Activity:
Copy, exactly as written, the lines that begin at the one containing "Розовая роза и гвоздики в коробке" and end at the one containing "For street or". Skip any pictures in the data below.

Records for the task:
- - -
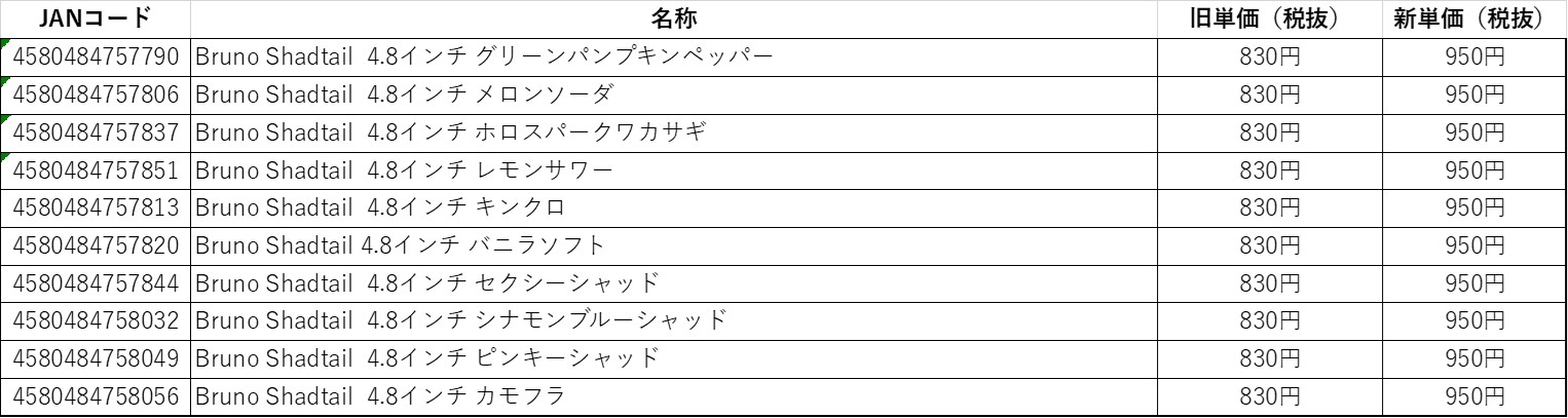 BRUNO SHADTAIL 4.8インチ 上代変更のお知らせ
- - -
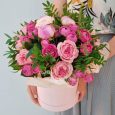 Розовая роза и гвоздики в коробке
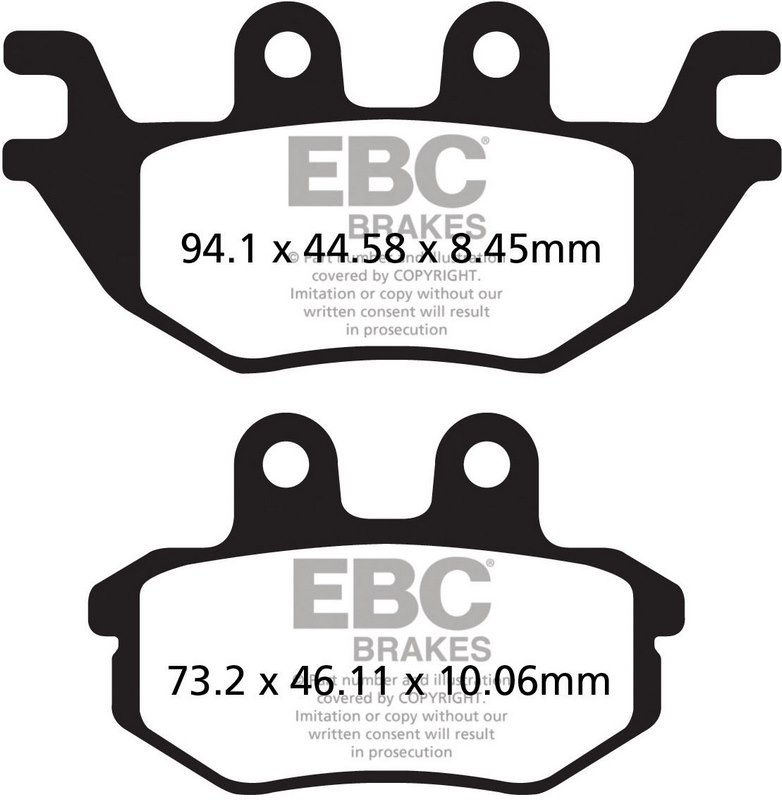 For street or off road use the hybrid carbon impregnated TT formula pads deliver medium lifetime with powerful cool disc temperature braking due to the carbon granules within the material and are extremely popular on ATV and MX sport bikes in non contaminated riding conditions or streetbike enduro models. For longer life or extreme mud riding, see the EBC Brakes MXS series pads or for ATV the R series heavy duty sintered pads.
- - -
Answer to the problem:
 Розовая роза и гвоздики в коробке
 For street or off road use the hybrid carbon impregnated TT formula pads deliver medium lifetime with powerful cool disc temperature braking due to the carbon granules within the material and are extremely popular on ATV and MX sport bikes in non contaminated riding conditions or streetbike enduro models. For longer life or extreme mud riding, see the EBC Brakes MXS series pads or for ATV the R series heavy duty sintered pads.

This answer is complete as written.